DATA EXTRACT START

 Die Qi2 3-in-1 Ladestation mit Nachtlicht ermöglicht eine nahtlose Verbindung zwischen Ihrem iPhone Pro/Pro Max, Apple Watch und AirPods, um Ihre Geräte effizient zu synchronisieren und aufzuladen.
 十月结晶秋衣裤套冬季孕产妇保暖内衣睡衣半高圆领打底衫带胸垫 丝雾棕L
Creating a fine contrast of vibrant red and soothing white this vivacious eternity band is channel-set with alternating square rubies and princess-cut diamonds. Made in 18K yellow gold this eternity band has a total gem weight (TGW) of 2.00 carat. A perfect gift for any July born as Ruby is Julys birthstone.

DATA EXTRACT END
DATA EXTRACT START

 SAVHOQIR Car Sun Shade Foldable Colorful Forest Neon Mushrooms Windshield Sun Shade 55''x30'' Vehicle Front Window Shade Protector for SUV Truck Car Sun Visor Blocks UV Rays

DATA EXTRACT END

▶ [WORK INSTRUCTION]: Given the records above, return exactly the lines starting at the line containing "十月结晶秋衣裤套冬季孕产妇保暖内衣睡衣半高圆领打底衫带胸垫 丝雾棕L" and ending at the line containing "Creating a fine", including both.

▶ [EXERCISE RESULT]:
 十月结晶秋衣裤套冬季孕产妇保暖内衣睡衣半高圆领打底衫带胸垫 丝雾棕L
Creating a fine contrast of vibrant red and soothing white this vivacious eternity band is channel-set with alternating square rubies and princess-cut diamonds. Made in 18K yellow gold this eternity band has a total gem weight (TGW) of 2.00 carat. A perfect gift for any July born as Ruby is Julys birthstone.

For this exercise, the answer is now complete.